- BRIEF
The task for the listing below is to write out exactly the lines starting at the one containing "Driving to photograph" and ending at the one containing "Falsche HoffnungSabine Scholz", both included. Pictures are to be omitted.

BEGIN

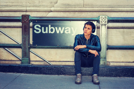Asian American college student traveling in New York, wearing black leather jacket, pants, boot shoes, headphone, sitting on street by Subway station sign, listening music.
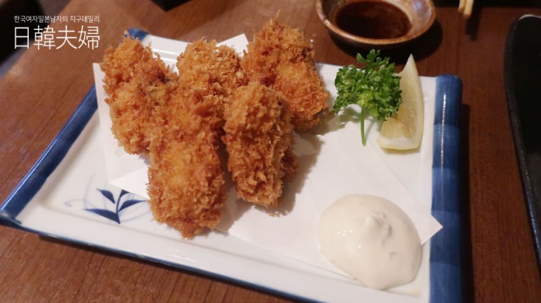 생굴을 주문하면서 함께 주문했던 굴 튀김, 정말 큼직하니, 바삭하고. 적당하게 노릇노릇하게 튀겨진 색감에 두배 세배 배불러지게되는 느낌이예요. 오사카에서 먹었던 굴튀김도 맛있었지만, 대체적으로 일본에서 먹는 굴튀김, 참 맛있다고 생각됩니다.
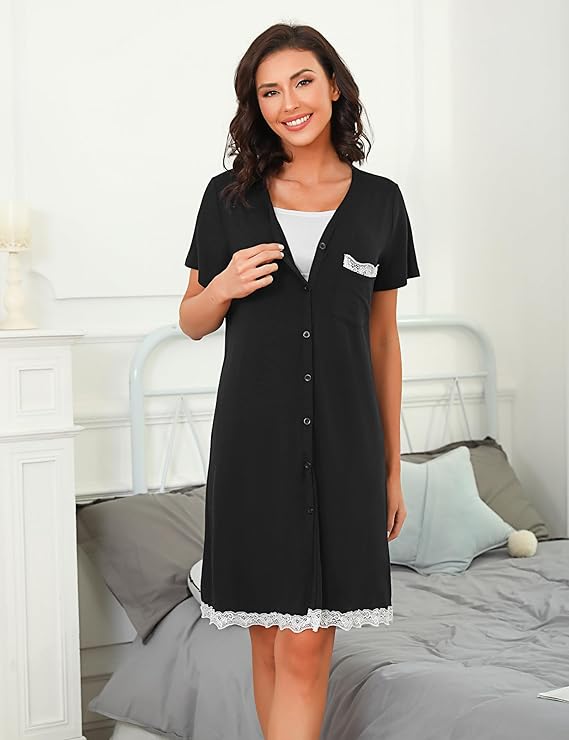 - 【Easy to Breastfeeding】V neck and buttons down design, which makes breastfeeding a simple and enjoyable process; You can wear this sleeping dress in normal life after the period of pregnancy and breastfeeding.
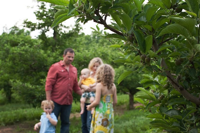 Driving to photograph this family, it began raining steadily. "Why oh why must it rain NOW??!!" I said in absolute frustration (there may have been some expletives). It had been sunny and beautiful all day...and then rain. As I pulled into the apple orchard, the steady rain slowed to a sprinkle....and then SUNSHINE! Thank you Lord! My good friends arrived with smiles on their faces and we set off exploring.
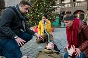Falsche HoffnungSabine Scholz (Bea Brocks, l.) braucht dringend ein offenes Ohr, als sie zufällig Dr. Elias Bähr (Stefan Ruppe, 2.v.r.) und Mikko Rantala (Luan Gummich, r.) über den Weg läuft.Bild: © ARD/Jens-Ulrich Koch
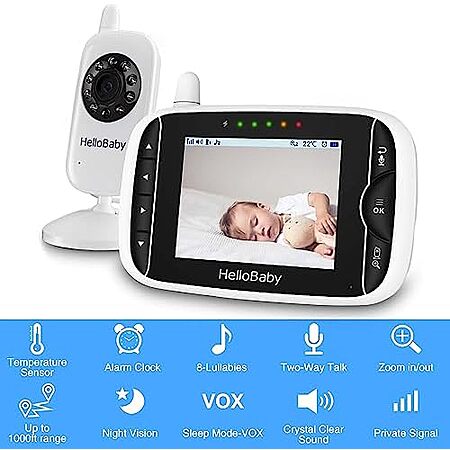 Model: HelloBaby Video Baby Monitor with Camera and Audio - 3.2Inch Baby Camera Monitor LCD Display, Baby Monitor No WiFi, Two-Way Audio, VOX Mode, Infrared Night Vision, Temperature Monitoring, Lullaby
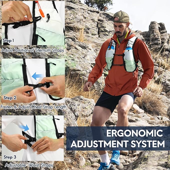 - ERGONOMIC ADJUSTMENT SYSTEM: Running vest provides an ergonomic adjustment system that allows you to adjust the position of sternum straps quickly. Adjustable waist straps can adjust the tightness according to different body shapes. This flexible design keeps runners breathing freely and moving without restraint during exercise
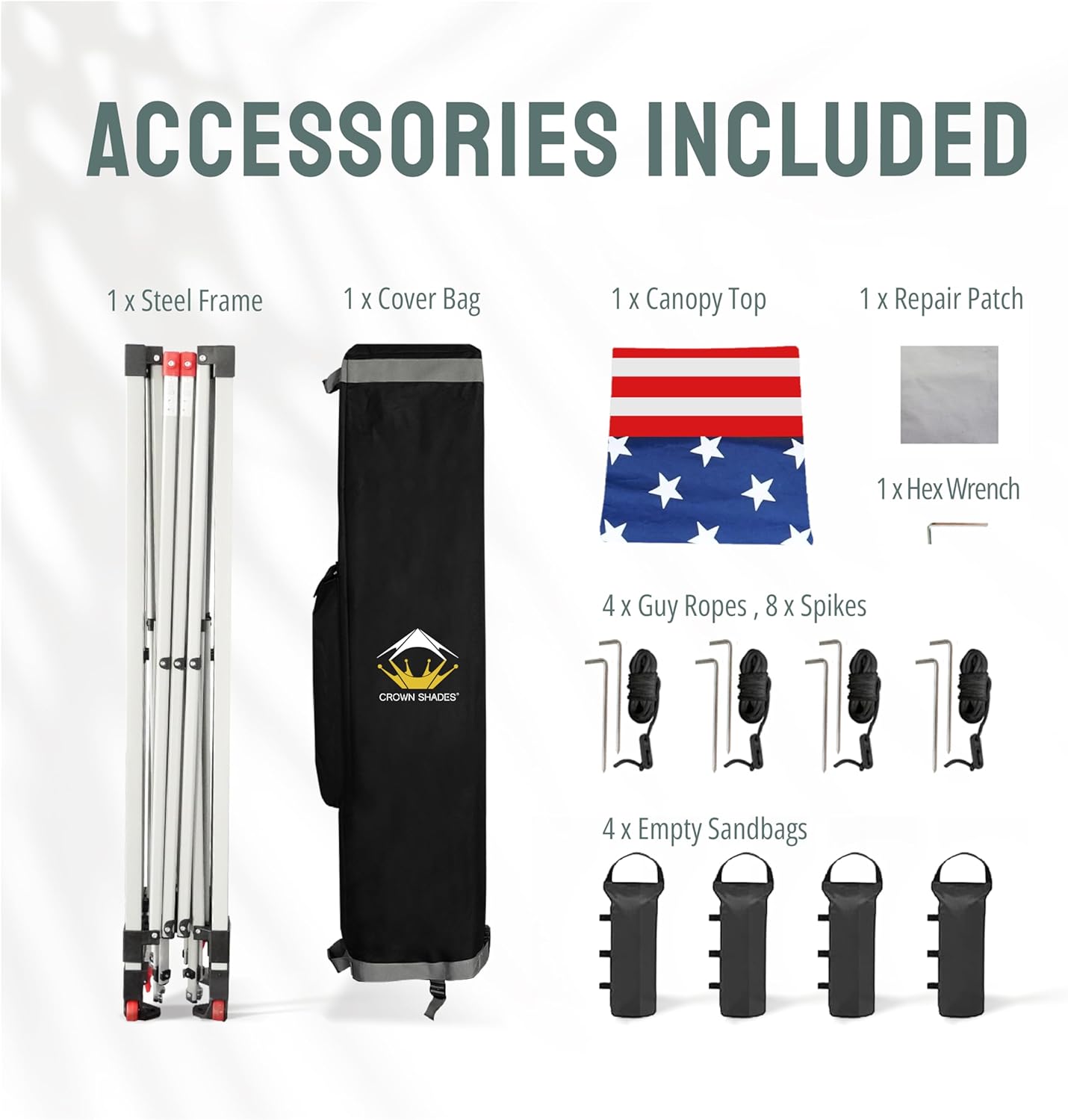 CROWN SHADES 10x10 Pop Up Canopy - Beach Tent with One Push Setup - Easy Outdoor Sun Shade for Events, Parties, Camping - Gazebo with STO-N-Go Cover Bag, Silver Coated Top, American Flag

END

- ANSWER TO THE PROBLEM
 Driving to photograph this family, it began raining steadily. "Why oh why must it rain NOW??!!" I said in absolute frustration (there may have been some expletives). It had been sunny and beautiful all day...and then rain. As I pulled into the apple orchard, the steady rain slowed to a sprinkle....and then SUNSHINE! Thank you Lord! My good friends arrived with smiles on their faces and we set off exploring.
Falsche HoffnungSabine Scholz (Bea Brocks, l.) braucht dringend ein offenes Ohr, als sie zufällig Dr. Elias Bähr (Stefan Ruppe, 2.v.r.) und Mikko Rantala (Luan Gummich, r.) über den Weg läuft.Bild: © ARD/Jens-Ulrich Koch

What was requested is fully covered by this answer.